Activity :: Excluding pictures, what does the listing below contain from the line with "ハローワークの掲載期間は掲載" up to and including the line with "接续脱贫攻坚,走向共同富裕。", word for word?

Dataset content ::
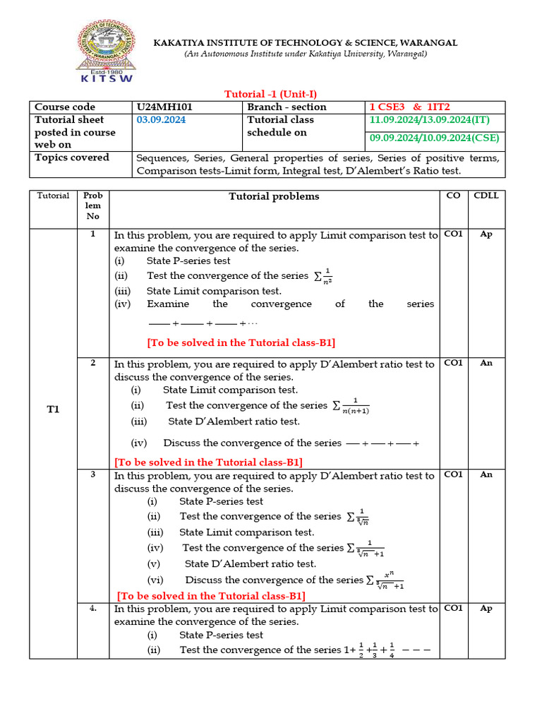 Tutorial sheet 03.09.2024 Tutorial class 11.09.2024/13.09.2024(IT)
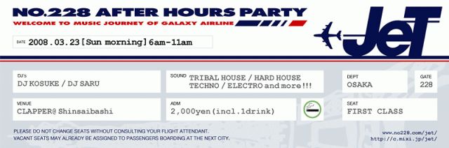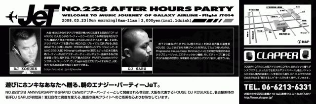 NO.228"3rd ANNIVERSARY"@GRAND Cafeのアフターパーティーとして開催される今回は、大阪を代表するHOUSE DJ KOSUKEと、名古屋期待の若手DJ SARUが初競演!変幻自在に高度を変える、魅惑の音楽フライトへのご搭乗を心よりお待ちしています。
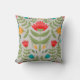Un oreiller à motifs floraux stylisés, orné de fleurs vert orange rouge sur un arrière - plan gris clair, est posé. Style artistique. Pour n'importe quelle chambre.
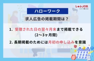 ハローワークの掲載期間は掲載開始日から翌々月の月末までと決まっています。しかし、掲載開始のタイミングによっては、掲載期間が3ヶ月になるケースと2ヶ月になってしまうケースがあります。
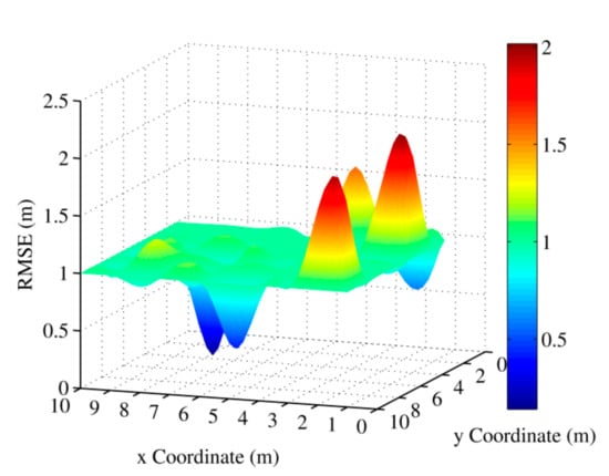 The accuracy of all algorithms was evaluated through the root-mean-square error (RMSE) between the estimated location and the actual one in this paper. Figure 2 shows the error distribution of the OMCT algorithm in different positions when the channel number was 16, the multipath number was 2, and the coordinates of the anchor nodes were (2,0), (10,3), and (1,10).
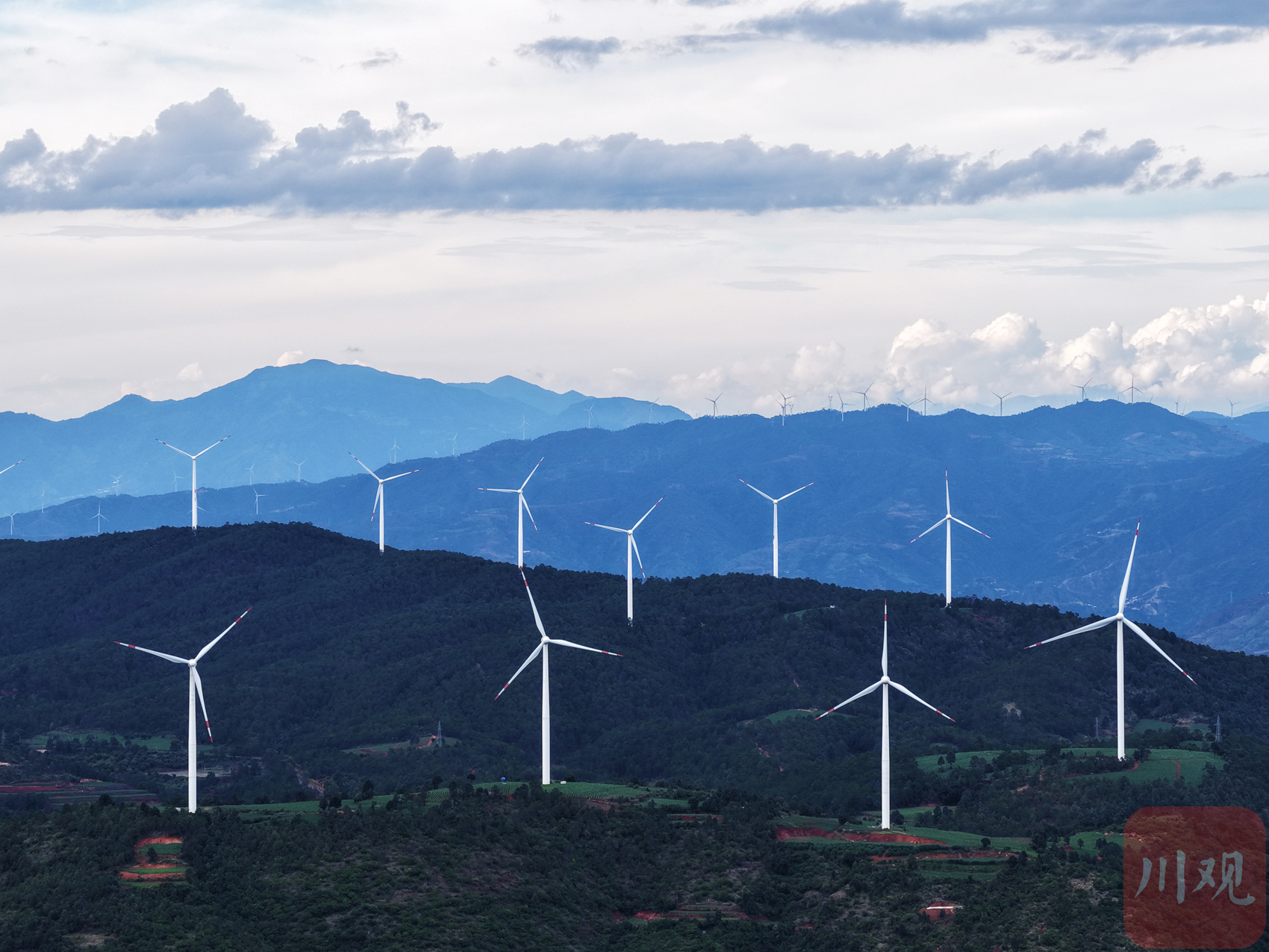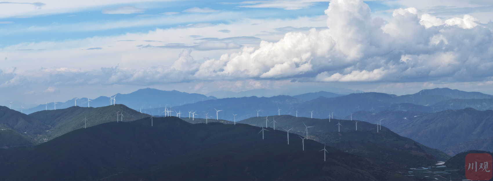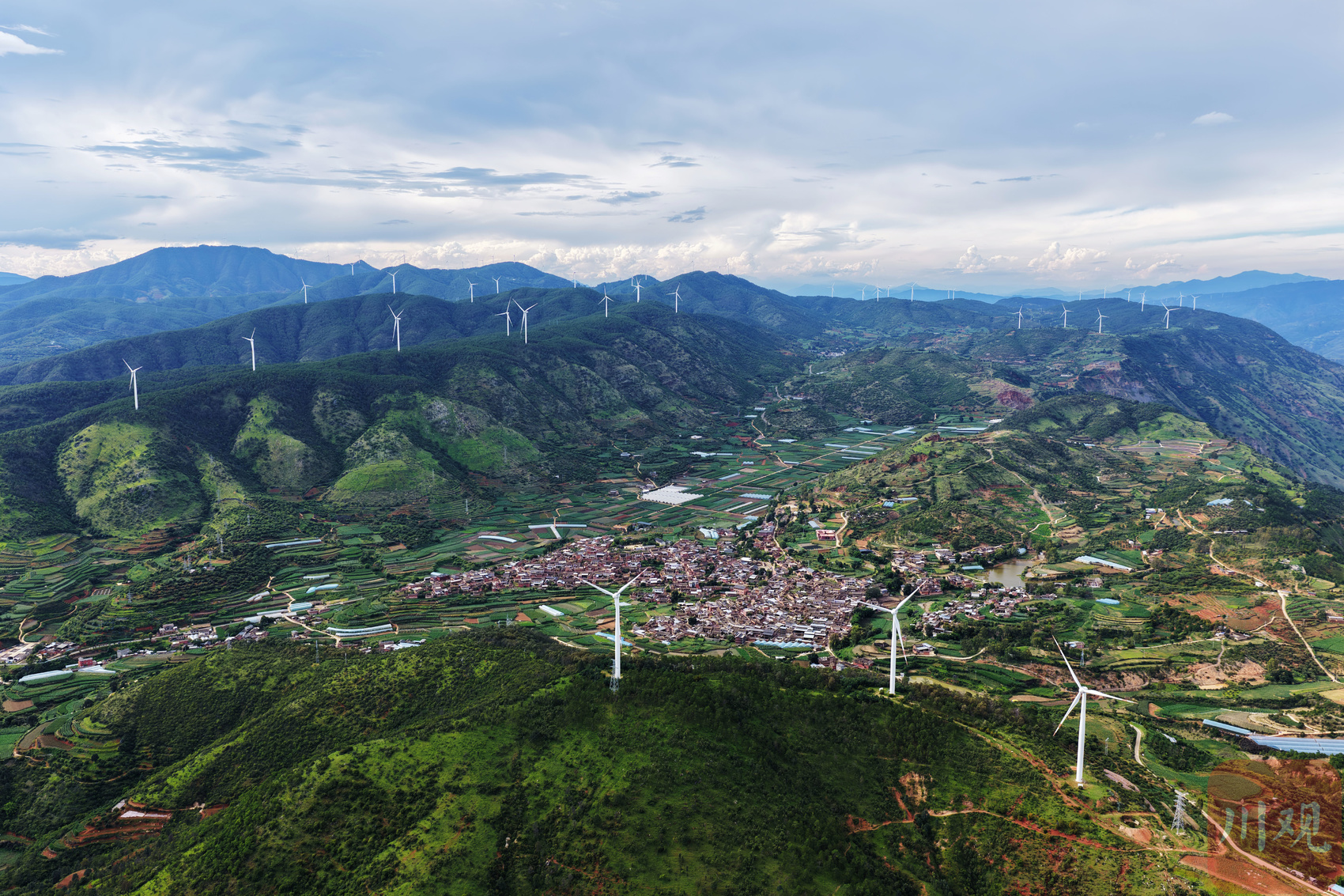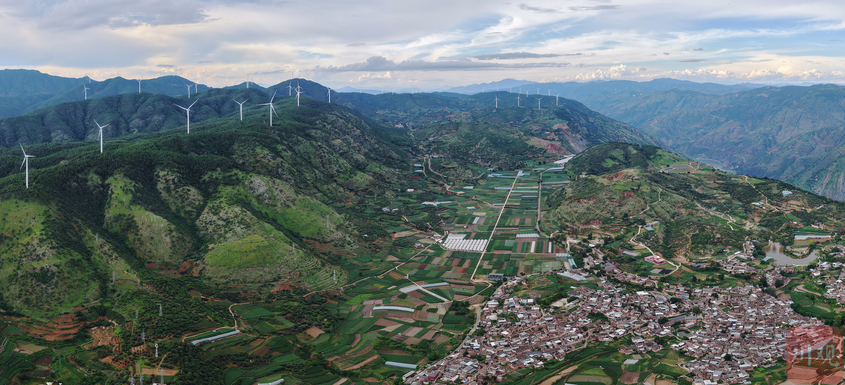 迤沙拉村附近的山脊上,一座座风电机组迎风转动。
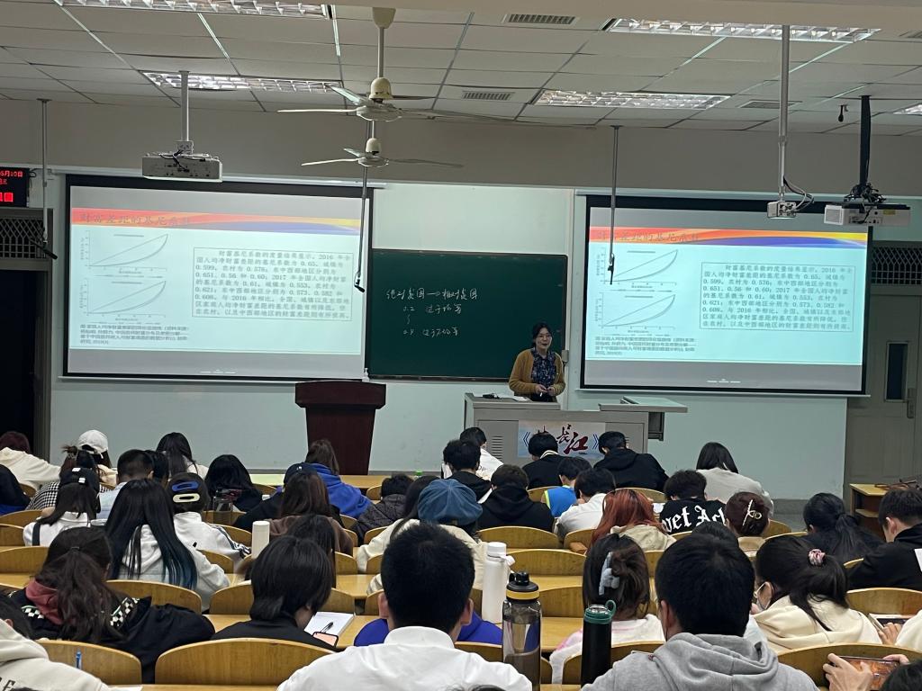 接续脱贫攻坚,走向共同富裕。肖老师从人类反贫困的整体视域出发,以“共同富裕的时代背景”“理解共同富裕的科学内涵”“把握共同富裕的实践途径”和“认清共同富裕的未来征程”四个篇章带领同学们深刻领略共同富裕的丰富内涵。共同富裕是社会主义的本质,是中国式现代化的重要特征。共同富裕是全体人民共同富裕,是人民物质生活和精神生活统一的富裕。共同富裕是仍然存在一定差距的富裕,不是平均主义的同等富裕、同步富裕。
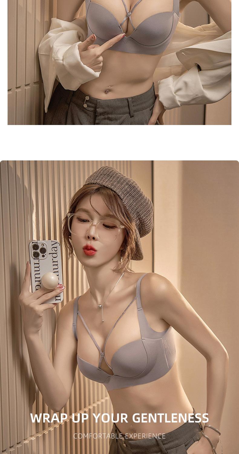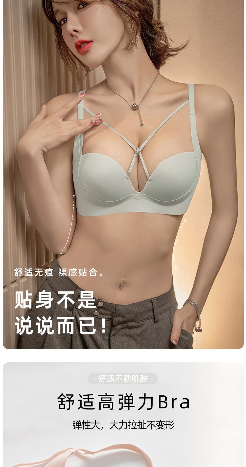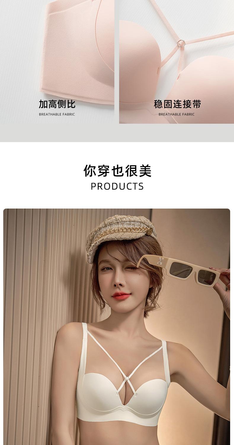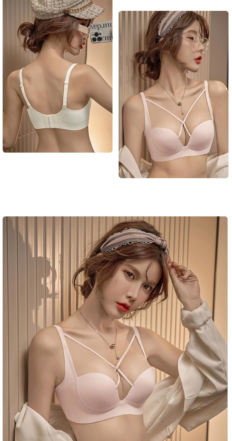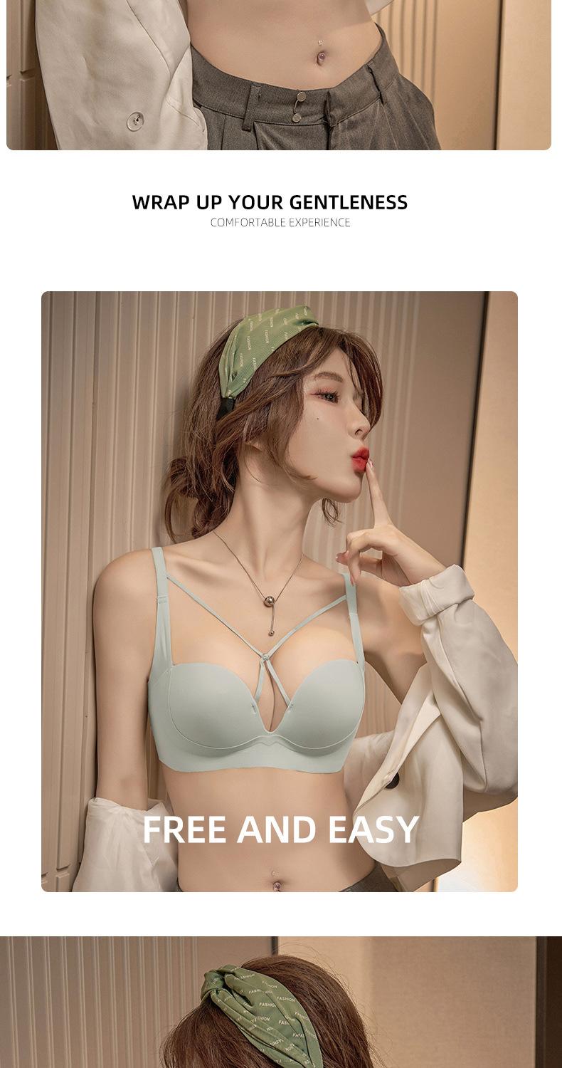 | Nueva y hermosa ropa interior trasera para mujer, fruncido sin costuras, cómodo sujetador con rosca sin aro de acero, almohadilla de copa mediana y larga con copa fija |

Written response ::
 ハローワークの掲載期間は掲載開始日から翌々月の月末までと決まっています。しかし、掲載開始のタイミングによっては、掲載期間が3ヶ月になるケースと2ヶ月になってしまうケースがあります。
 The accuracy of all algorithms was evaluated through the root-mean-square error (RMSE) between the estimated location and the actual one in this paper. Figure 2 shows the error distribution of the OMCT algorithm in different positions when the channel number was 16, the multipath number was 2, and the coordinates of the anchor nodes were (2,0), (10,3), and (1,10).
 迤沙拉村附近的山脊上,一座座风电机组迎风转动。
 接续脱贫攻坚,走向共同富裕。肖老师从人类反贫困的整体视域出发,以“共同富裕的时代背景”“理解共同富裕的科学内涵”“把握共同富裕的实践途径”和“认清共同富裕的未来征程”四个篇章带领同学们深刻领略共同富裕的丰富内涵。共同富裕是社会主义的本质,是中国式现代化的重要特征。共同富裕是全体人民共同富裕,是人民物质生活和精神生活统一的富裕。共同富裕是仍然存在一定差距的富裕,不是平均主义的同等富裕、同步富裕。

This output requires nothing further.